# Ignition problems



## jimlockey (Jul 10, 2013)

Are there any ignition problems with the Cruze diesel like other GM products? Please be honest.


----------



## jblackburn (Apr 14, 2012)

None that we have seen on the board here. 


Sent from Bill the WonderPhone


----------



## boraz (Aug 29, 2013)

jblackburn said:


> None that we have seen on the board here.
> 
> 
> Sent from Bill the WonderPhone


this


----------



## stamas (Mar 7, 2014)

İts only the colbalt broski ,


----------



## KpaxFAQ (Sep 1, 2013)

Diesels dont have an ignition system


----------



## diesel (Jun 8, 2013)

Nope.
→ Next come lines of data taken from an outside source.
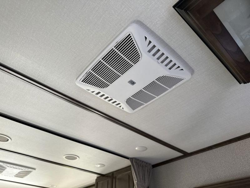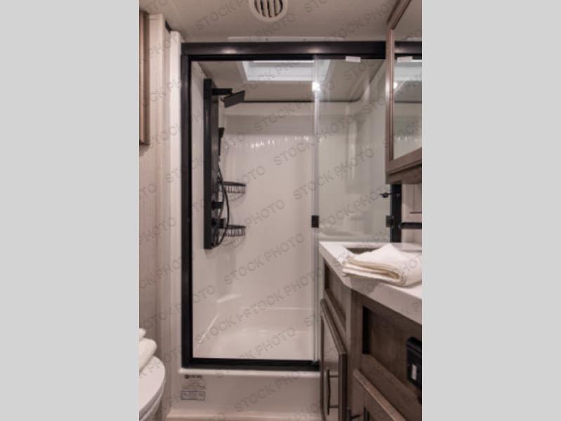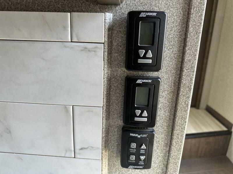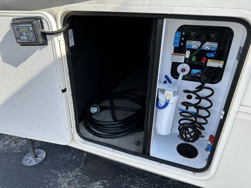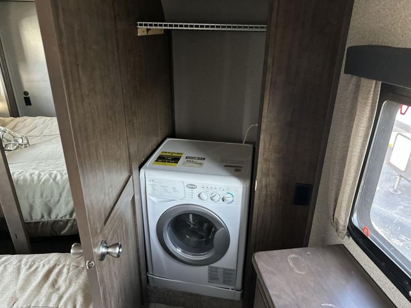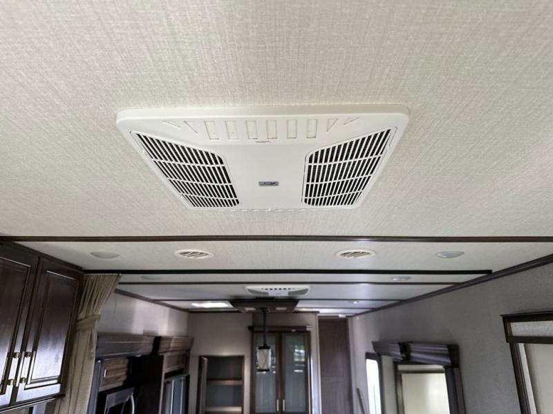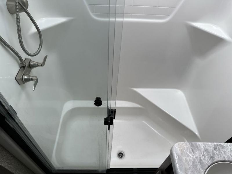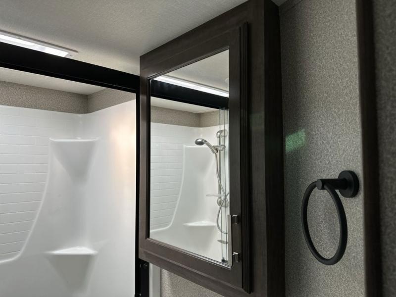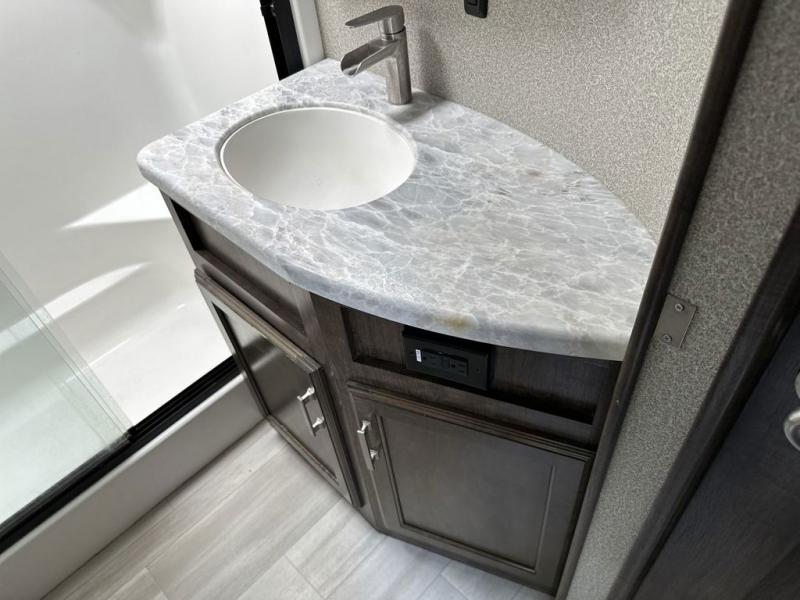 No worries about leaving anything behind with all the storage found throughout the interior and the exterior of this fifth wheel! From the bedroom closet and flip-up dresser, plus the overhead cabinets in the kitchen and separate living area to the exterior rear storage with a sliding tray and side access, there is a place for everything. Everyone can visit in the rear living area with an entertainment center, an LED TV, a fireplace and a window for great views while sitting on the dual tri-fold sofa slides and the theater seating. The buffet area can be utilized many ways, and the free-standing dinette offers a place to dine and play games. The kitchen offers full amenities including a hutch and oversized pantry. And you can stay refreshed with the full bathroom and get a good night's sleep on the queen bed slide or choose a king option.
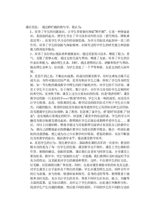 课后反思: 通过跨栏跑的教与学,我认为: ?
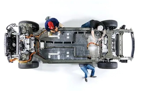 滑板平台,顾名思义,就是将电动车的电机、电池组和所有的传统部件,都尽量集成在一个看似滑板的底盘上。通过这种方式,车辆上装和下装之间的开发独立性被彻底放开。
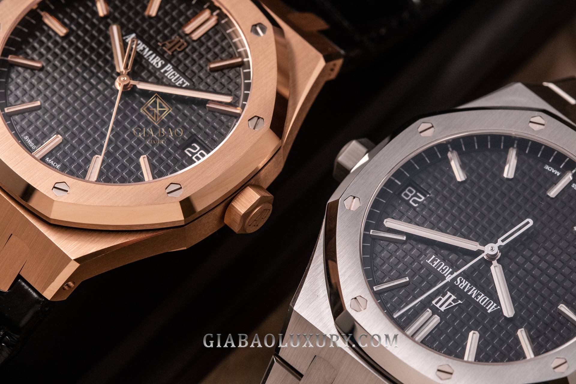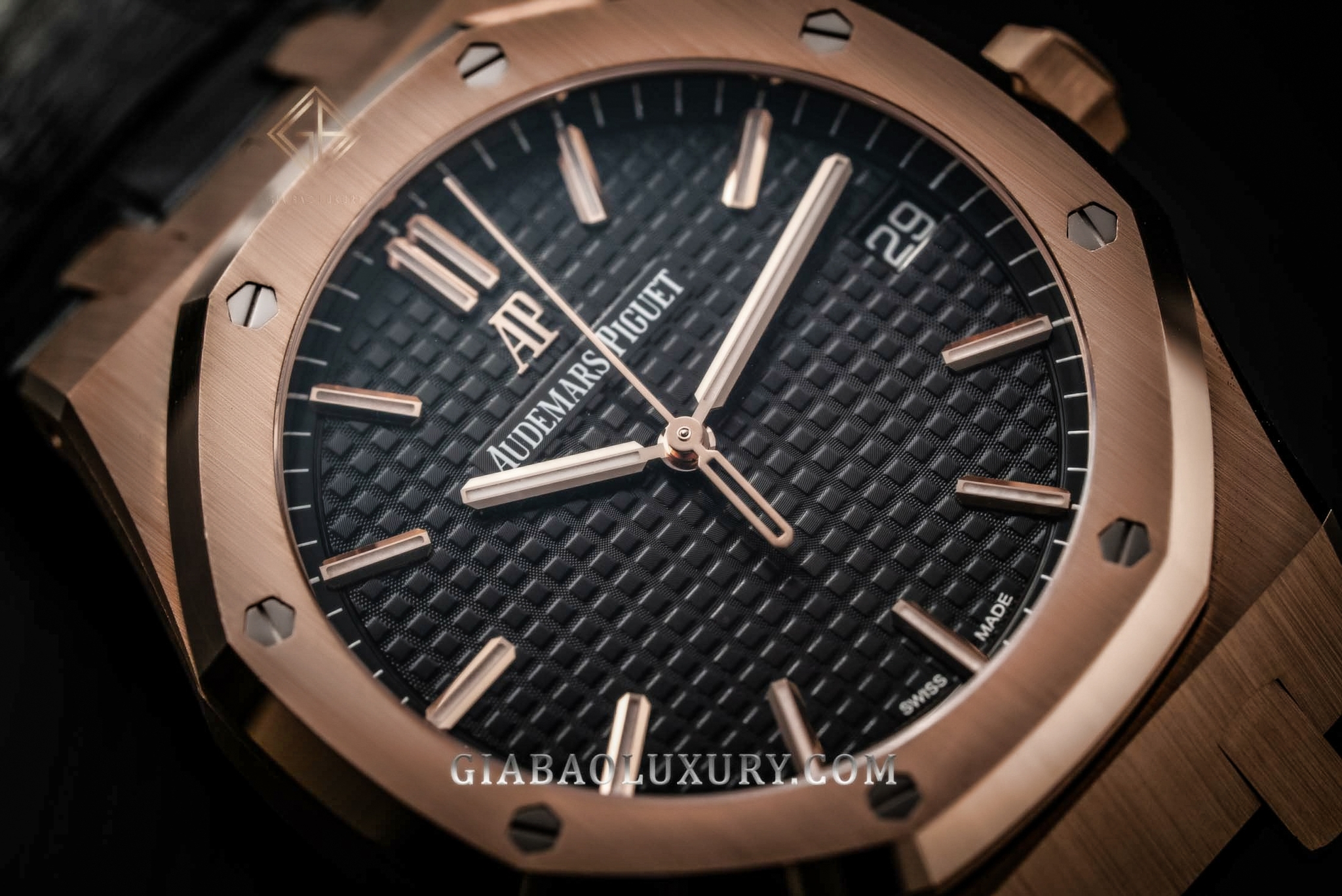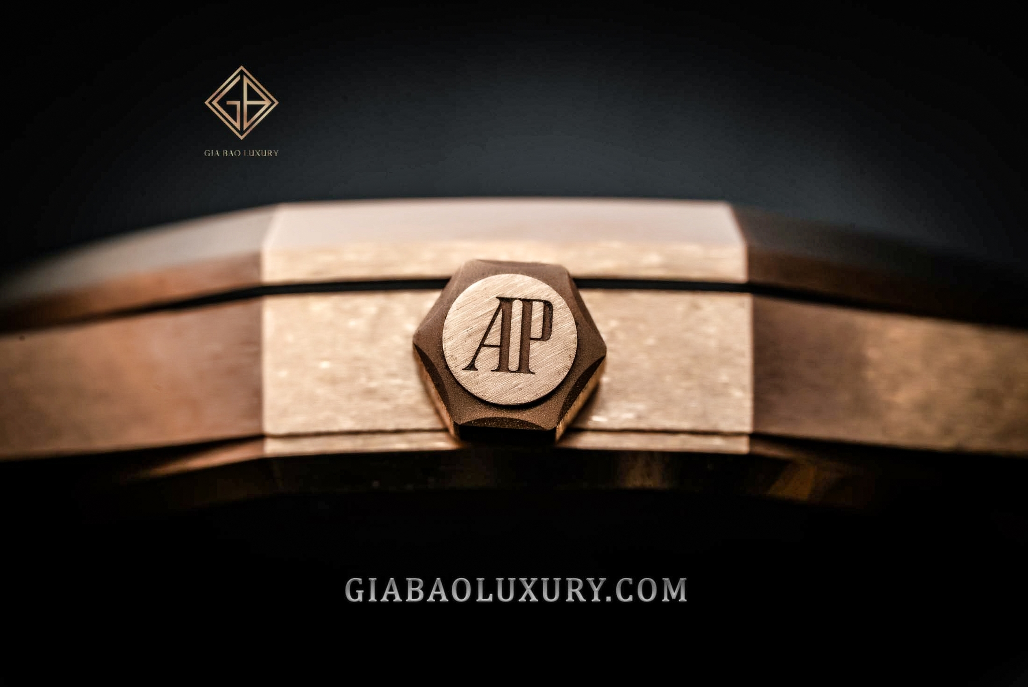 Dưới bàn tay tài hoa của các nghệ nhân chế tác đồng hồ bậc thầy, chiếc đồng hồ mang mã hiệu 15500OR.OO.D002CR.01 sở hữu lớp vỏ làm từ vàng hồng có đường kính 41mm đi kèm bộ dây làm từ da cá sấu. Vành bezel bát giác đặc trưng với những góc cạnh được cố định và bảo vệ bởi tám ốc vít hình lục giác. Nét đặc trưng truyền thống của bộ sưu tập huyền thoại vẫn được gìn giữ thể hiện qua những đường vân chải xước trên bộ vỏ cùng các cạnh đánh bóng đan xen lẫn nhau, tạo độ tương phản và điểm nhấn đẹp mắt.

By the way, why is this in the fuel economy section?


----------



## tracepk (Aug 20, 2013)

KpaxFAQ said:


> Diesels dont have an ignition system


The problem hes referring too was the cobalt/G5/HHR ignition switch recall, people are getting skittish about GM products fearing more models will have the same problem, while the diesel doesnt have a true ignition system like a gas engine, they do have the same lock cylinder switch that starts the vehicle which is where the problem lied in those models. The reason it affected 3 models instead of just one is because the cobalt/g5/hhr are all based off the same delta platform and used a lot of the same parts and drivetrains. Only those models had this faulty part and none of the newer GM products have this issue  so no worries your diesel will be fine if you get one.


----------



## jblackburn (Apr 14, 2012)

tracepk said:


> The problem hes referring too was the cobalt/G5/HHR ignition switch recall, people are getting skittish about GM products fearing more models will have the same problem, while the diesel doesnt have a true ignition system like a gas engine, they do have the same lock cylinder switch that starts the vehicle which is where the problem lied in those models. The reason it affected 3 models instead of just one is because the cobalt/g5/hhr are all based off the same delta platform and used a lot of the same parts and drivetrains. Only those models had this faulty part and none of the newer GM products have this issue  so no worries your diesel will be fine if you get one.


This.

And moved the post to gen discussion.


----------



## KpaxFAQ (Sep 1, 2013)

Ahhh got it, thanks


----------